Work item
Exactly the lines from the one with "3.7帖の大容量ウォークイン" through the end of the data below must be set down, and no pictures with them.

Data provided
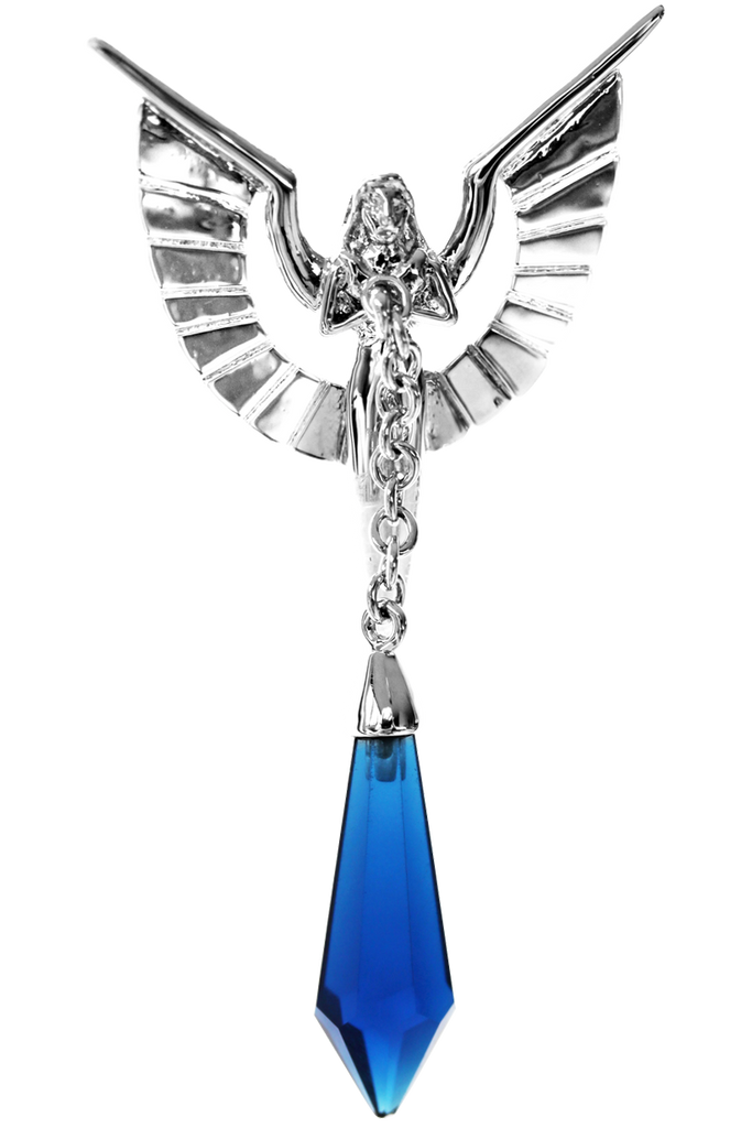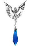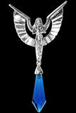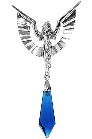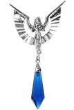 Designed by Anne Stokes and crafted in brass with sterling silver plating and presented with a silvered chain and satin pouch, along with a fully descriptive leaflet.
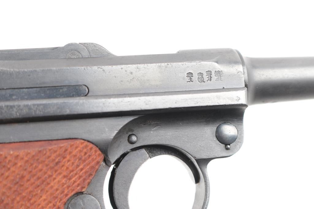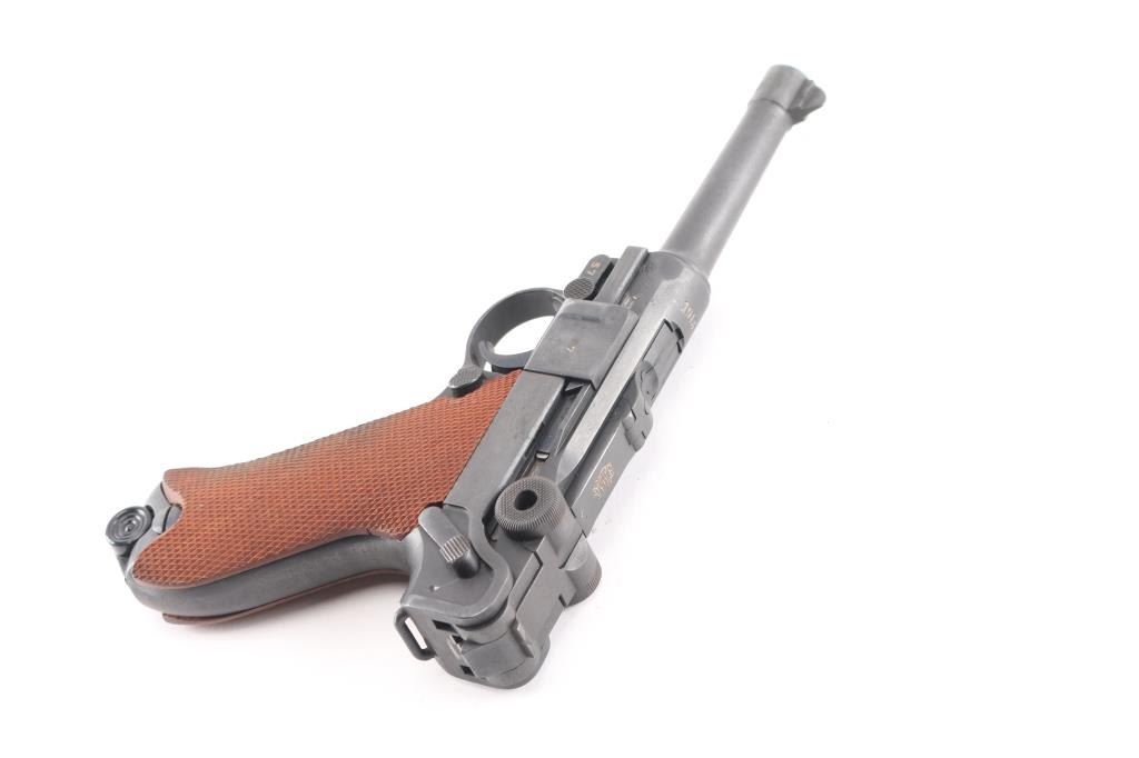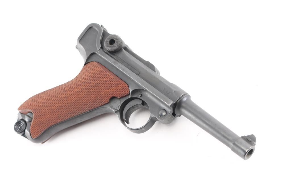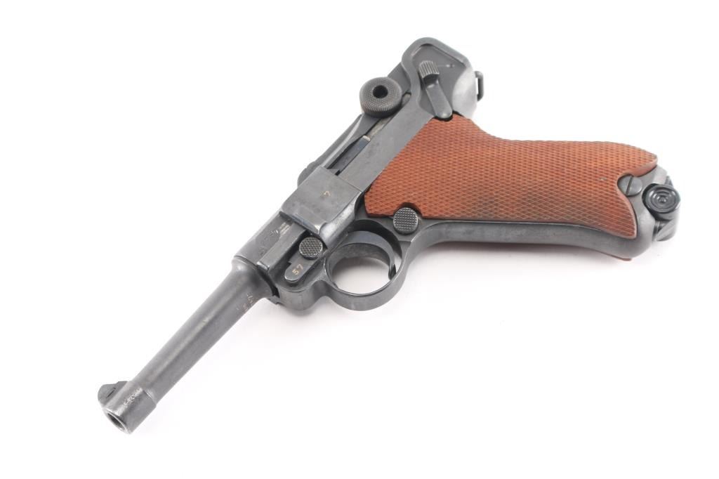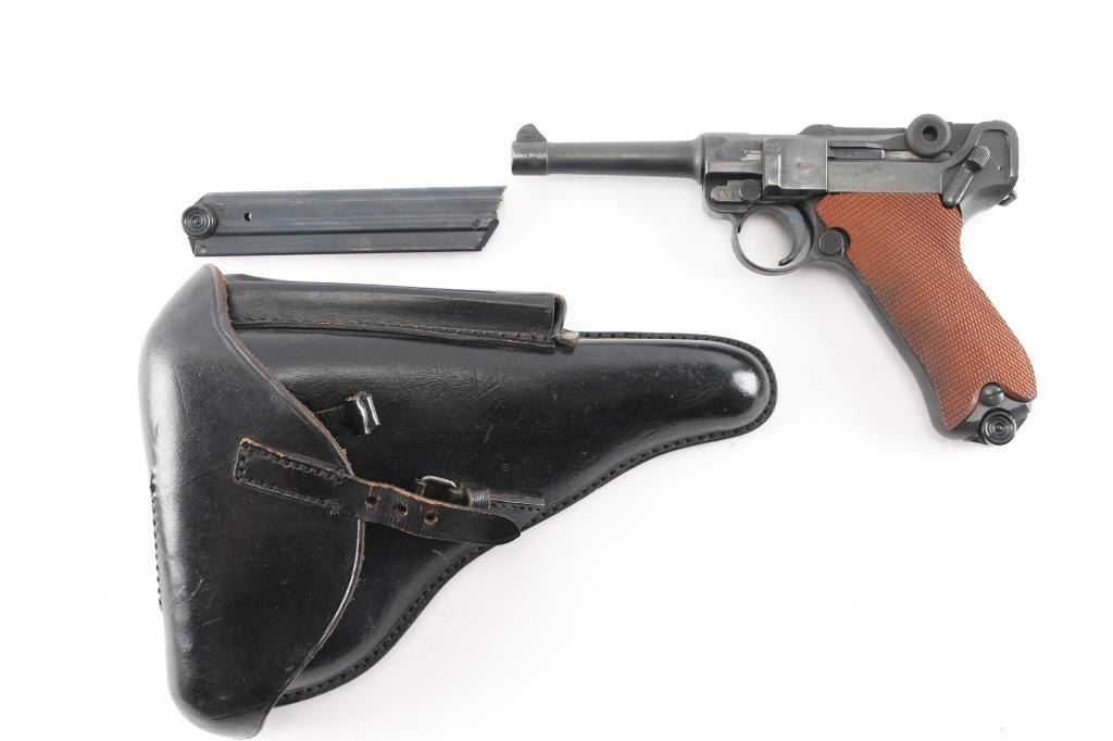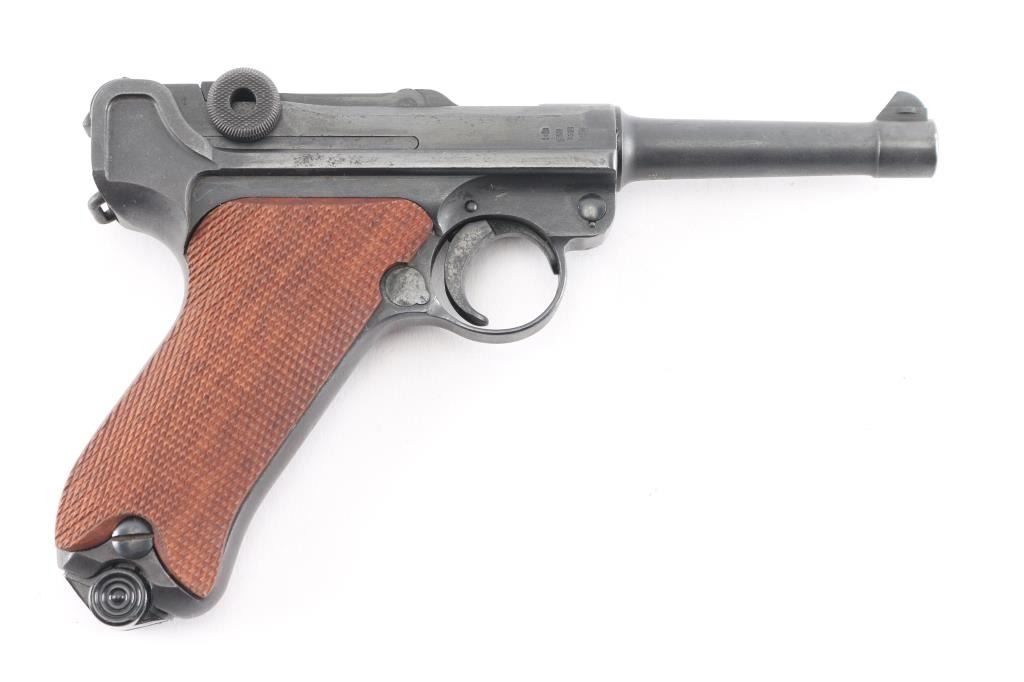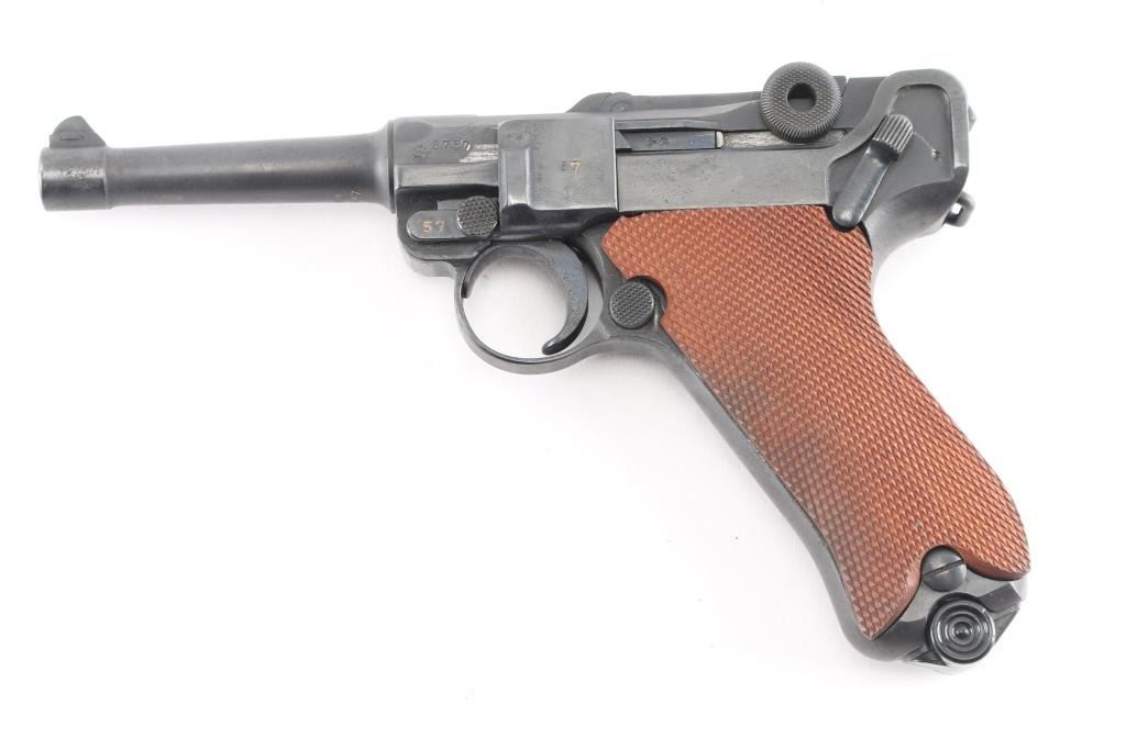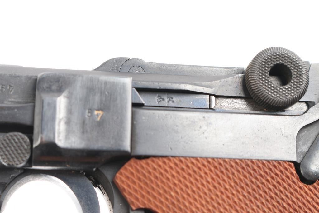 WWI era (1913 dated) German toggle locked recoil operated semi-automatic pistol chambered in 9x19mm. No import marks observed. Features blued finish, 4" barrel, dovetailed inverted 'V' front sight with witness-marks, 'v' notched rear sight, smooth crescent trigger, knurled charging knobs on the rear toggle link, manual safety on the left side of the frame, knurled push button magazine release, steel frame with lanyard loop, stock lug ground off, aftermarket replacement two-piece finely checkered walnut grips. Barrel numbered to frame, "57" observed on all small parts. Imperial proofs retained. Small marking on left side of slide has been obliterated with punch marks. Bore is fair to good condition, dark grooves and some pitting. Reworked and refinished, with some areas of pitting visible under current finish. Shows slight patina in several places. Overall 80% coverage of current finish. Grips are like new, good fit, sit proud of frame slightly in several places. Includes black leather hard shell full flap holster with tool, no markings observed. Two magazines appear aftermarket, with black plastic base plugs.
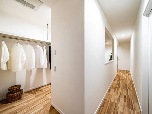 3.7帖の大容量ウォークインクローゼットを2階に配置。洋服だけでなく、バッグやシューズ、アクセサリーまでしっかり収納できます。お気に入りのアイテムを見渡せる自分だけのスペースで、身支度の時間をもっと心弾むひとときに。
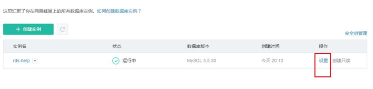 1.在數(shù)據(jù)庫的主界面,點擊該實例在「操作」列的「設置」鏈接,如下圖所示:

Expected answer
 3.7帖の大容量ウォークインクローゼットを2階に配置。洋服だけでなく、バッグやシューズ、アクセサリーまでしっかり収納できます。お気に入りのアイテムを見渡せる自分だけのスペースで、身支度の時間をもっと心弾むひとときに。
 1.在數(shù)據(jù)庫的主界面,點擊該實例在「操作」列的「設置」鏈接,如下圖所示:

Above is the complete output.